We endevoured to rewrite pretty much all of this logic, and we did, at least twice. We wrote an actual implementation of the file format loader (and discovered that most of the examples we had were subtly corrupted) and an actual implementation of the layout logic, both in C++. While trying to debug a (semi-independent) module that implemented a kind of non-relational database based on a graph of arrays of pointers, we decided to attempt a pure python implementation, in the hopes that it might be fast enough to be a good comparison. (This original author was obsessed with premature optimization and with using obscure features of C++, and had comments next to each function calculating — typically totally incorrectly — how many bytes per object were being transferred.
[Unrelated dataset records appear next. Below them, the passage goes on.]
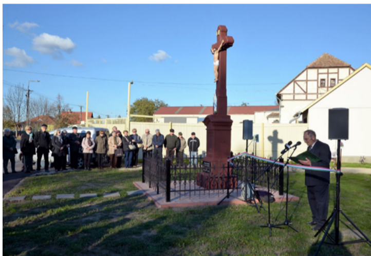
Bóde népe büszke múltjára és hisz saját jövőjében

■ A régóta Budapesten élő Bóday család tagjai is eljöttek a Bóday tér avatására és a kereszt megáldására november 16-án Bódéra. A terület, amely egykor a településrész központja volt, visszanyerte ezzel régi funkcióját. A kereszt köré fákat, cserjéket ültettek, amelyek megnöve árnyékot adnak. Azok alatt az arra járók megpihenhetnek, a helyiek találkozhatnak.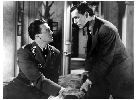
1941 UNDERGROUND de Vincent Sherman avec Philip Dorn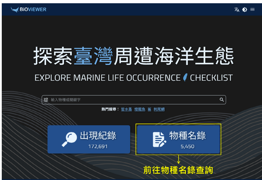
圖 6、從首頁進入物種名錄查詢功能。

在新版的首頁點選「物種名錄」按鈕（圖 6），進入查詢頁面可以看到有兩個設定窗格「① 區域設定」和「② 參數設定」，以及最下方的「③ 送出查詢」按鈕。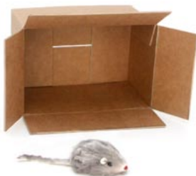
de muis zit voor de doos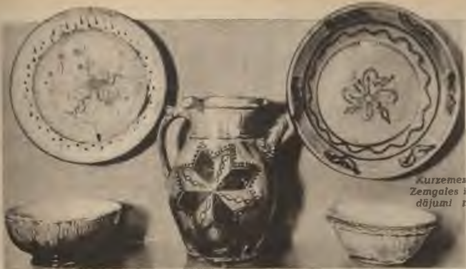
Kurzemes un Zemgales izstrādājumi mālā.

nevišķi podniecības centri saskatāmi Cēsīs, Tukumā, Talsos, Liepājā, Rucavā u. c.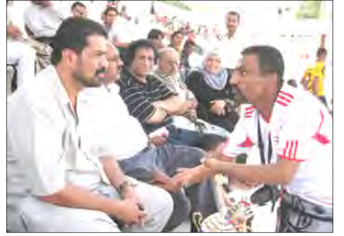
الجفري يؤكد تكريم شمسان والتلال

دعوة رجال الاعمال للمساهمة في تكريم الأبطال المتوقع ان يتم قريباً. وقال محافظ محافظة عدن ان ملحقه ابطال التلال وشمسان في عمان وسوريا هو فخر لابناء محافظة عدن واليمن كلها. "وكم هو عظيم ان نرى علم اليمن يرفرف عاليا في سماء عمان وسوريا بفضل ما قدمه الإبطال هناك وذلك من الطبيعي بل من الواجب علينا ان نقوم بتكريم بعثتي شمسان والتلال في الايام القليلة القادمة و " نجدها فرصة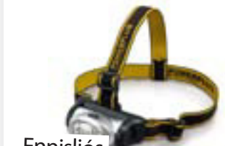
Ennisljós Kr. 995,-

The database was implemented in an overly complicated way for documented speed-related reasons, but it turned out to be both slower and more bug-prone than the straightforward and naive approach we took in python, across many varied tests.) Having determined that this database in its C++ form was essentially beyond salvaging, we used the python version instead, and spent a great deal of time trying to square the fact that initial draw time was so fast with the extreme slowness of interactivity. We ended up rewriting most of that draw code, before rewriting all of it from scratch in python in a single all-nighter. This all-nighter occurred about two years after we initially started working on this project.
We did this for free, since we were doing it for a mutual hero, but it really put us off the idea of playing the role of code doctor in the future.